I picked up a set of screwdriver tips from Harbor Freight, I'd guess about 50 total, with the security bits you need.  They were $7.50 a few years back, but I'd check there if you have one locally.  There are a number of sizes with the hole in the center.
 
Security fasteners were used in microwave ovens to make sure people that didn't know what they were doing from messing up doors and door seals so they wouldn't be exposed to dangerous levels of RF energy at frequencies that were detrimental to humans and pets.

Yeah, I get the fascination with old RadarRanges - they look cool with the chrome and general beefiness, but who here actually has the instrumentation to detect S-band microwave radiation emission from outside the cool-looking box?
 
It seems these screws need regular Torx bits with a center hole. I have bought a set of these at an auto parts store to remove the airbag module on my 1975 Electra a few years ago.
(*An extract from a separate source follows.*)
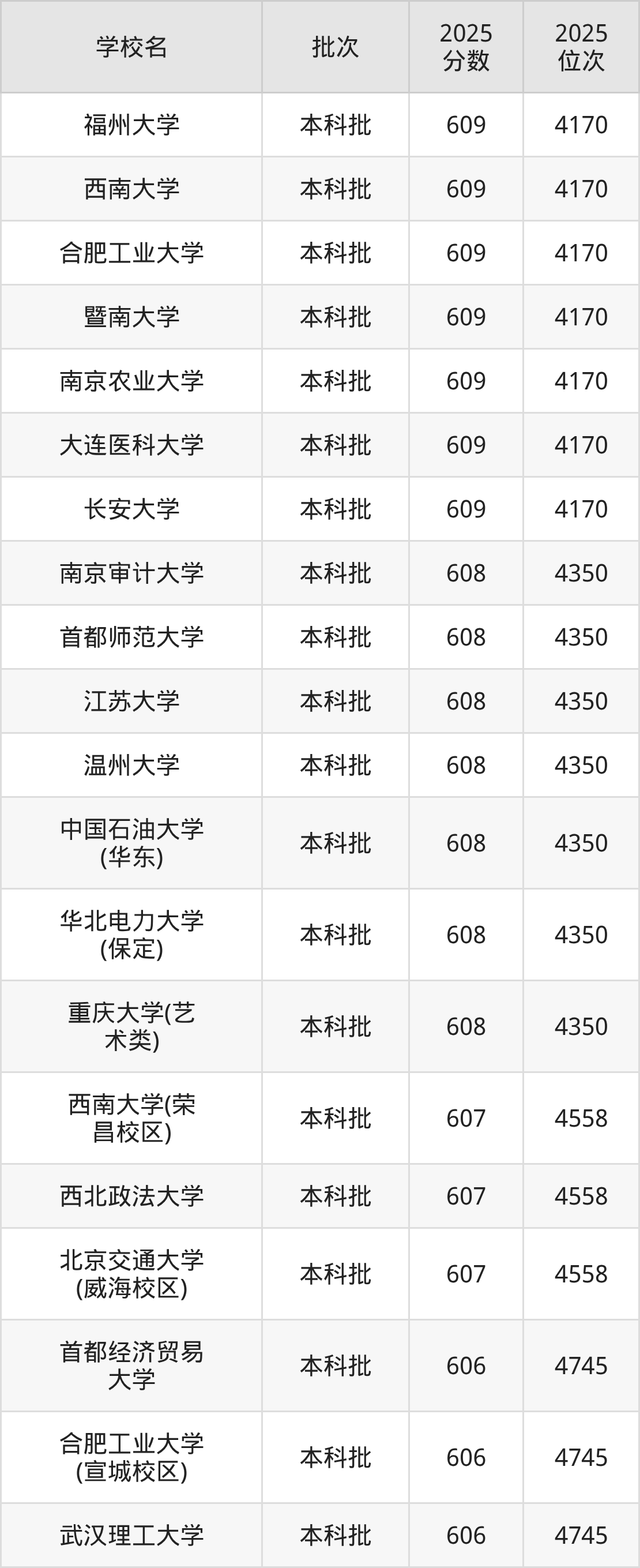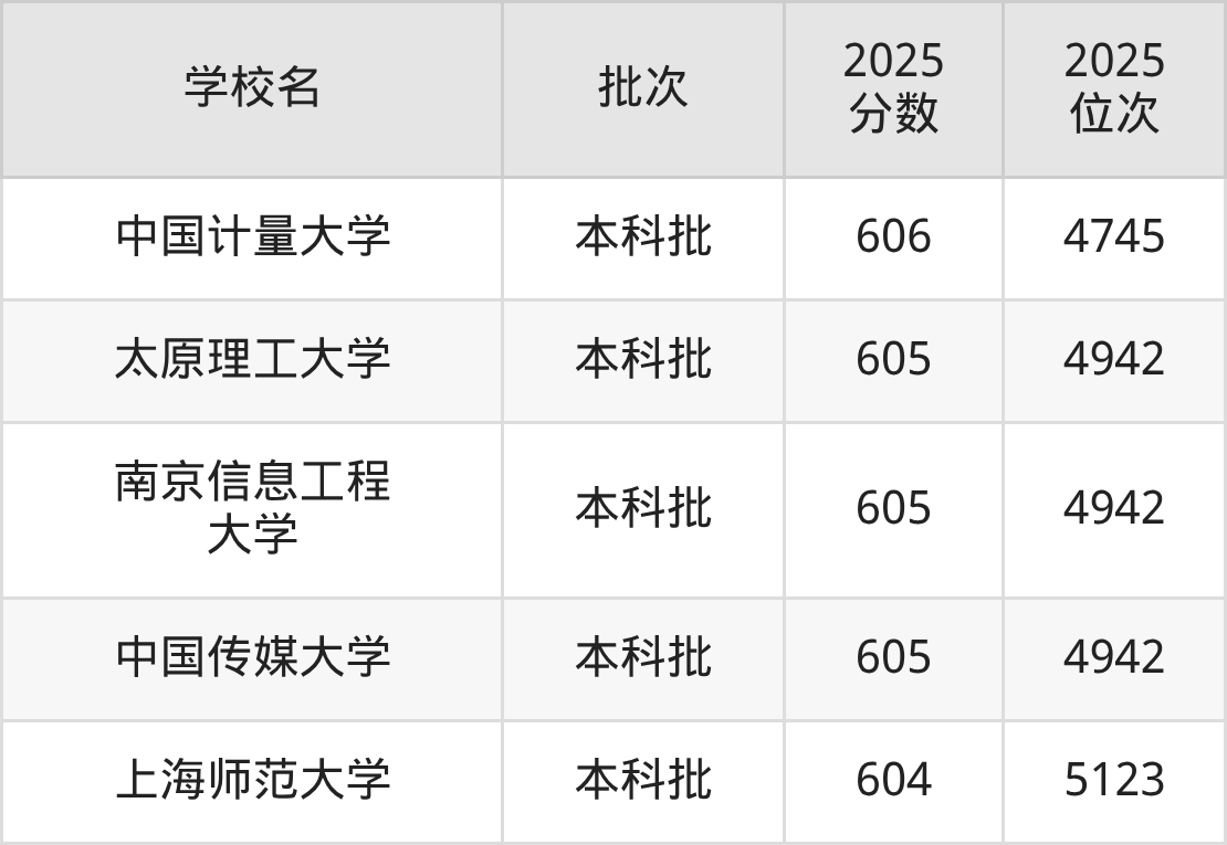 2025年河北高考历史类606分(4559名~4745名)能上的大学有合肥工业大学(宣城校区)、首都经济贸易大学、武汉理工大学、中国计量大学。

Here are the Torx bits at the top of this picture.

And the regular Phillips screws on the RR-2 and those with the tri-wing arrangement Cory was talking about on the RCM-10.

philr++10-18-2012-23-19-54.jpg
 
Supposedly all ovens leak something(5 milliwatts FDA permissible but read that it is often more - and still not harmful, but who knows really?). I don't know of any cheap Spectrum Analyzers and know they're typically thousands(a nice used car) to accomplish the task of detection.

The next thought I had was to find someone who could do this at a fair price...probably more than I payed for the MW.

I used to have a device that reportedly would glow if there was a leak - imagine waiving this hand-held lolly-pop looking thing around/near a microwave that is leaking..."honey, you're glowing but that rattle isn't ". That "tool" wasn't a keeper.

I'll use the MW, but try to stay away as much as possible.
 
Dangerous Microwaves!

Your new Microwave Oven, 1959!

The description actually says cooking cannot begin until the overhead unit sits down into the counter. Of course it's a total mockup, but wonder where they borrowed those wall controls from?

I bought a microwave leakage detector a few years ago off eBay to play around with and to see how 'leaky' some of these old RR's are. On the couple models I tested it with, there was no real radiation to speak of. If the door mechanism (seals, choke, latches, springs) are in good shape, then odds of any leakage are extremely low.

Now, I do wonder about these new microwave ovens, especially the walmart wonders. Amana didn't cut any corners and their designs show they weren't trying to save a nickel on every part. Their motivation was a quality product. I don't know if I can say the same for a lot of the offshore junk on store shelves today, long-term safety especially.